Maine leads the way among the states that have rules meant to ensure that the uniforms worn by public workers are not made in sweatshops. State officials require garment companies to reveal which factories make the uniforms and then post this information online. Maine also forces the clothing companies to pay fees to partially fund factory inspections.
Still, labor groups say that even in cities and states like Los Angeles and Maine, which have progressive policies, it’s difficult to ensure that public money is not going toward overseas sweatshops.
In 2012, for instance, the WRC investigated I.T.I.C. Apparel in the Dominican Republic’s San Pedro de Macorís free trade zone, which was a supplier of work shirts and work pants to the city of San Francisco. Investigators found sexual and verbal harassment by top management and supervisors, underpayment of wages, occupational safety violations and other problems. Neither the city’s contractor, which hired the factory, nor the factory itself responded constructively, labor advocates say. San Francisco eventually had to find a new supplier.
Scaling these state and city anti-sweatshop measures up to the federal level will not be easy. A lot more money is at stake. Cities and states typically order millions of dollars worth of clothes whereas the federal government buys a billion worth each year. Expect the pushback from industry to be much stronger.
The Obama administration has been a staunch supporter of free trade. Rules limiting where federal agencies can buy clothes may run afoul of trade goals and can cause diplomatic friction. Federal agencies themselves may also resist any new rules that add cost or complication to their purchasing process. Case in point: officials from the Defense Department’s military exchanges, which sell goods to soldiers and their families on US military bases, helped kill a measure last year designed to tighten safety rules at Bangladeshi factories. Even though these military exchange stores make $485 million from selling clothes on military bases, officials said the $500,000 the measure would add to their costs was too much.
But Bjorn Claeson, executive director of the Sweatfree Purchasing Consortium, said these rules can work nationally. Federal agencies would need to coordinate more in their purchasing decisions, he said, and they would need to consider conducting joint investigations to ensure they are only using the best factories. “Sustained change requires large-scale collaboration,” he said.
He pointed out for example that in May 2010 several states and cities banded together to try to increase their collective leverage and to share information. The result was the Sweatfree Purchasing Consortium, which now counts New York State;Seattle, Washington; and Austin, Texas, among its members. The group provides government officials with draft policies they can adopt. It also maintains an online database of information about the factories that cut and sew uniforms worn by public workers.

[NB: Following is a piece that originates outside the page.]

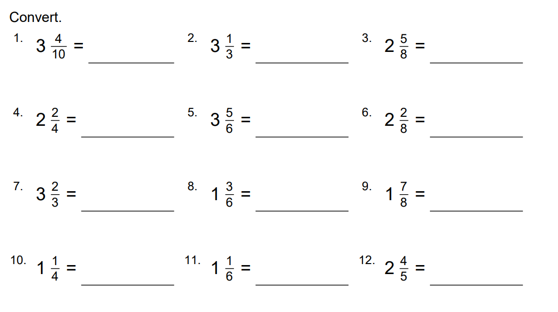 Converting mixed numbers to improper fractions- 2 1/3= 7/3

For now, the Obama administration is remaining silent on what steps it plans to take to avoid more tax money being spent on uniforms made in illegal and abusive foreign factories. But pressure is mounting. The State Department hosted a roundtable in January to discuss ways to change procurement policy so that the American government stops accelerating the race to the bottom. Several lawmakers say they are working on bills to require that federal agencies reveal what factories make their clothes. And they’re pushing for faster action by the White House.
“While congressional action on this problem is warranted,” Representative Carolyn Maloney wrote earlier this year in letter to President Obama, “I urge you to consider issuing an Executive Order requiring contractors to disclose all factory locations.”